--- ENTRIES SUPPLIED Enclosed Below ---

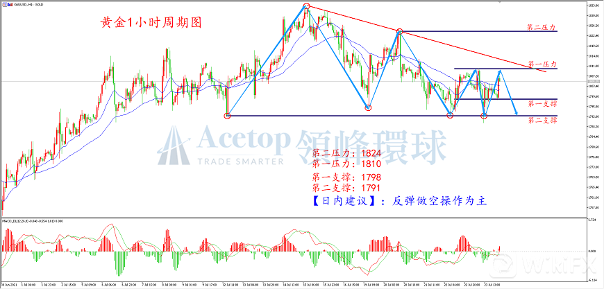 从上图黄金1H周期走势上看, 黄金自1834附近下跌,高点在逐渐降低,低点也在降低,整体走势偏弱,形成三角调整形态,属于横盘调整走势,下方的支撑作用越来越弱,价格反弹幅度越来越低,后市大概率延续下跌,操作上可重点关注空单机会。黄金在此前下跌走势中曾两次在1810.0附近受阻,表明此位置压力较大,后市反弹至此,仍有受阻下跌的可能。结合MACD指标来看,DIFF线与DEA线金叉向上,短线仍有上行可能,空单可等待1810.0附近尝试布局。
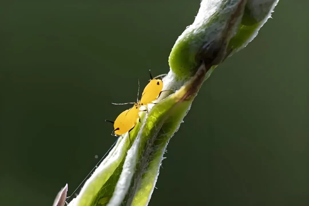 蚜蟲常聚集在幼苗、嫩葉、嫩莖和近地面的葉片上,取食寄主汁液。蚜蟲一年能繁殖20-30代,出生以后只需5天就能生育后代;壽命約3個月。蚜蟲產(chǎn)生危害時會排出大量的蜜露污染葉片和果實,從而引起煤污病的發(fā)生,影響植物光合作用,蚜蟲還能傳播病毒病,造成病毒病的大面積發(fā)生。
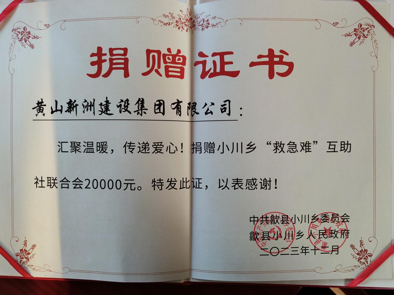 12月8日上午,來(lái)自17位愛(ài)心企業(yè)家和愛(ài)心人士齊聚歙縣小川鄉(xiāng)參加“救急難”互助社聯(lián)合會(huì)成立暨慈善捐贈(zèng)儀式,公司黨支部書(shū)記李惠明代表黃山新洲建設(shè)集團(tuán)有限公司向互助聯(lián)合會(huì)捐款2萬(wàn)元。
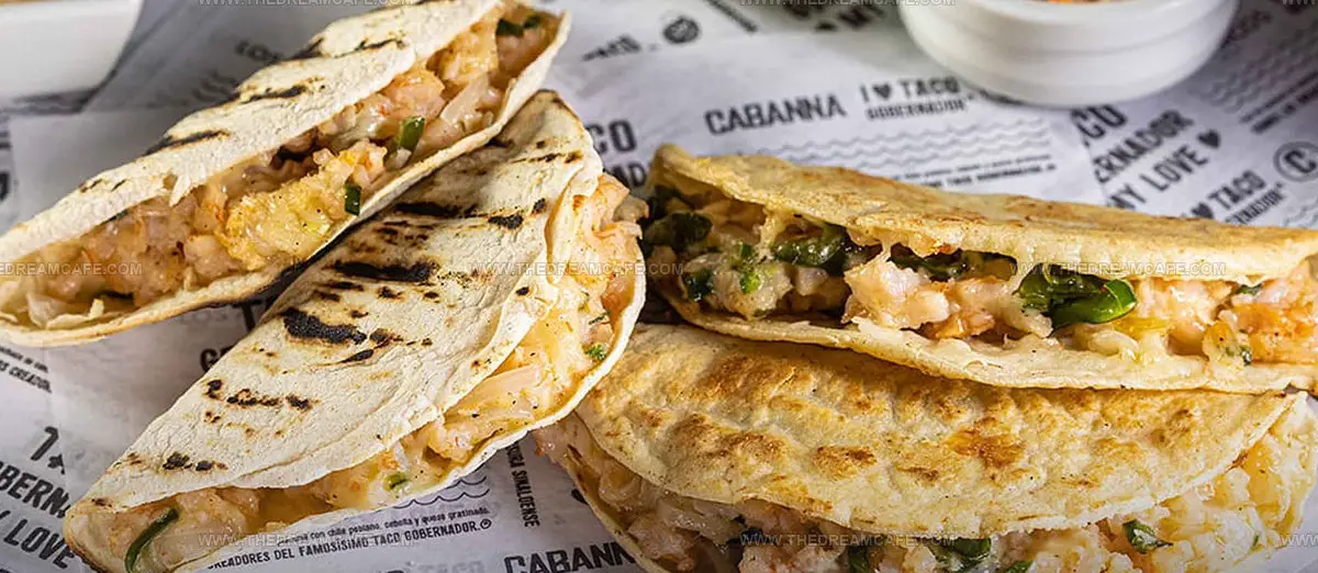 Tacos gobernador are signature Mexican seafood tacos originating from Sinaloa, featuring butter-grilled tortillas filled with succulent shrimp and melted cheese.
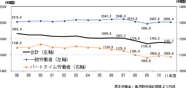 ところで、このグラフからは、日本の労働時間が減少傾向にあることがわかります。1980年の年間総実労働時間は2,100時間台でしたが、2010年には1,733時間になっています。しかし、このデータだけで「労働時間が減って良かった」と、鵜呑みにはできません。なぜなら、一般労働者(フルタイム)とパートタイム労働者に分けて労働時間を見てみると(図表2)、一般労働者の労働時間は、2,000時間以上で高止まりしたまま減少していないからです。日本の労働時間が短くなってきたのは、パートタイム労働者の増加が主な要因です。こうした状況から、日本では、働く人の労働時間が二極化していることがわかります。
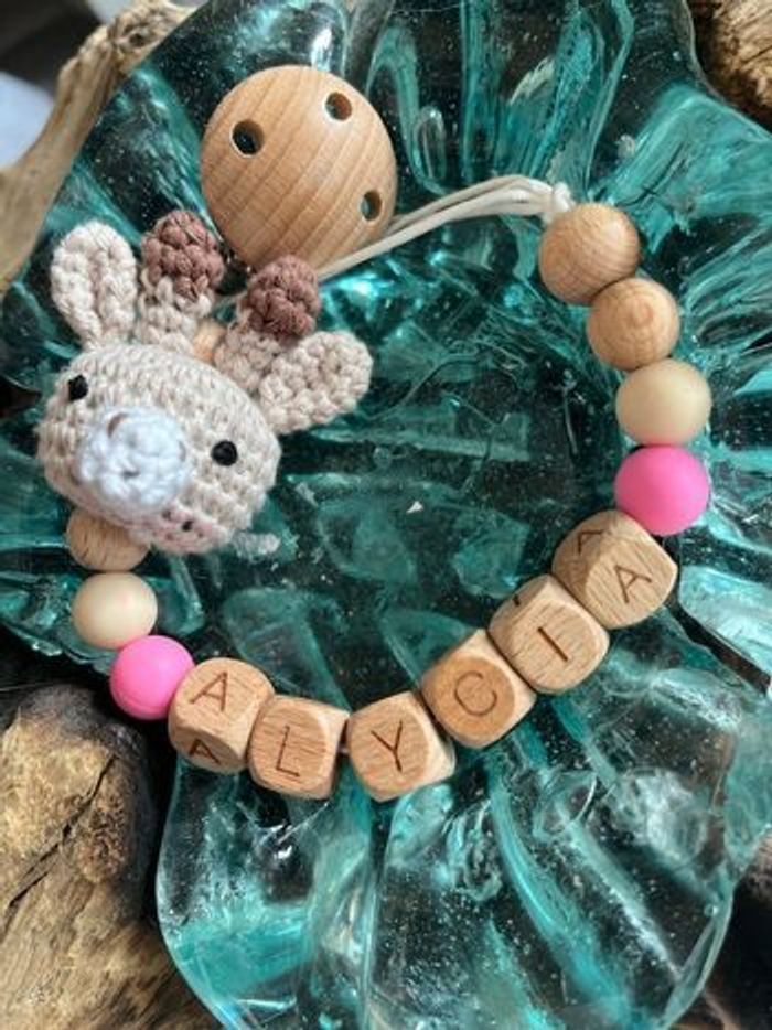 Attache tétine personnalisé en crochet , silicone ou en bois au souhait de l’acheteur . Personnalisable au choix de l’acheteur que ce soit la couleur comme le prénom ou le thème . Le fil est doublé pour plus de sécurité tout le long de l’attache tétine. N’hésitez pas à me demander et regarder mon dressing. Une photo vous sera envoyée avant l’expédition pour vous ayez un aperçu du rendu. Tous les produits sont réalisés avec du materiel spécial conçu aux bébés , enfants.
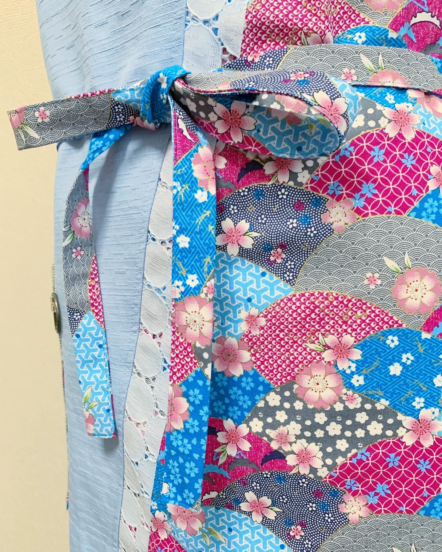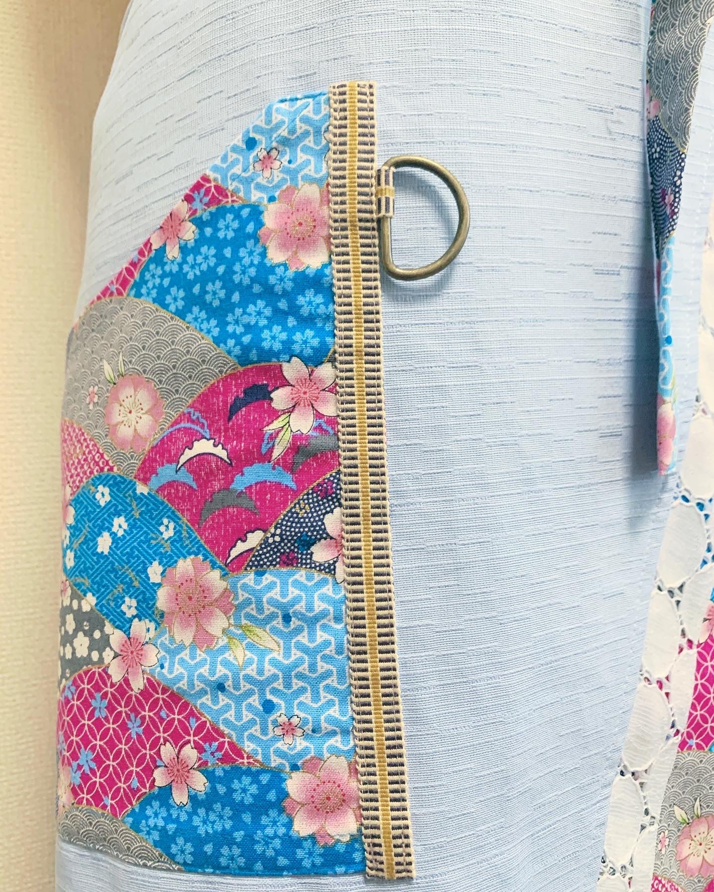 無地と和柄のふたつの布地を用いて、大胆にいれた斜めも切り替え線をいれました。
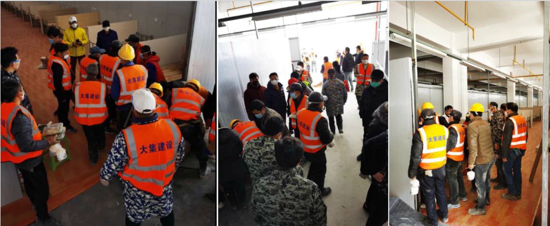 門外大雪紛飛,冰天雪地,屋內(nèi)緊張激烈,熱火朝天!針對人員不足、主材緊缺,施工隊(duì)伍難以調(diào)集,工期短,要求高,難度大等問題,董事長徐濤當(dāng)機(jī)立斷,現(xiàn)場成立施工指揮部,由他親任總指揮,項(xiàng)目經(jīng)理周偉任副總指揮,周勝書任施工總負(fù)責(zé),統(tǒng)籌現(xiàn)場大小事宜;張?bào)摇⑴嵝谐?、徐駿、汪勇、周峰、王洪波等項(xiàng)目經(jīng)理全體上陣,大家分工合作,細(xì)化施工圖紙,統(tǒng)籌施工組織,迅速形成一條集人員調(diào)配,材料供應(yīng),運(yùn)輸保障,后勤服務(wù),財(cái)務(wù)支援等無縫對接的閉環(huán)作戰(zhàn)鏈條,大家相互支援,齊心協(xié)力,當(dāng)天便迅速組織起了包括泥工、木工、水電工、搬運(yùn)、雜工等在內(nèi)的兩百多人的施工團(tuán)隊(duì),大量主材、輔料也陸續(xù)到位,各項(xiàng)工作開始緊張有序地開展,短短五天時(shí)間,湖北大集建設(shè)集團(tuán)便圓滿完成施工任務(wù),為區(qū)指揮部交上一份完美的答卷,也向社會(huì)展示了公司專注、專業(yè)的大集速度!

--- End of Enclosed ENTRIES SUPPLIED ---

> [PROBLEM STATEMENT]: Set down only the lines running from the line with "無地と和柄のふたつの布地を用いて、大胆にいれた斜めも切り替え線をいれました。" to the end of the entries, inclusive; omit every picture.

> [SOLUTION TO THIS EXERCISE]:
 無地と和柄のふたつの布地を用いて、大胆にいれた斜めも切り替え線をいれました。
 門外大雪紛飛,冰天雪地,屋內(nèi)緊張激烈,熱火朝天!針對人員不足、主材緊缺,施工隊(duì)伍難以調(diào)集,工期短,要求高,難度大等問題,董事長徐濤當(dāng)機(jī)立斷,現(xiàn)場成立施工指揮部,由他親任總指揮,項(xiàng)目經(jīng)理周偉任副總指揮,周勝書任施工總負(fù)責(zé),統(tǒng)籌現(xiàn)場大小事宜;張?bào)摇⑴嵝谐?、徐駿、汪勇、周峰、王洪波等項(xiàng)目經(jīng)理全體上陣,大家分工合作,細(xì)化施工圖紙,統(tǒng)籌施工組織,迅速形成一條集人員調(diào)配,材料供應(yīng),運(yùn)輸保障,后勤服務(wù),財(cái)務(wù)支援等無縫對接的閉環(huán)作戰(zhàn)鏈條,大家相互支援,齊心協(xié)力,當(dāng)天便迅速組織起了包括泥工、木工、水電工、搬運(yùn)、雜工等在內(nèi)的兩百多人的施工團(tuán)隊(duì),大量主材、輔料也陸續(xù)到位,各項(xiàng)工作開始緊張有序地開展,短短五天時(shí)間,湖北大集建設(shè)集團(tuán)便圓滿完成施工任務(wù),為區(qū)指揮部交上一份完美的答卷,也向社會(huì)展示了公司專注、專業(yè)的大集速度!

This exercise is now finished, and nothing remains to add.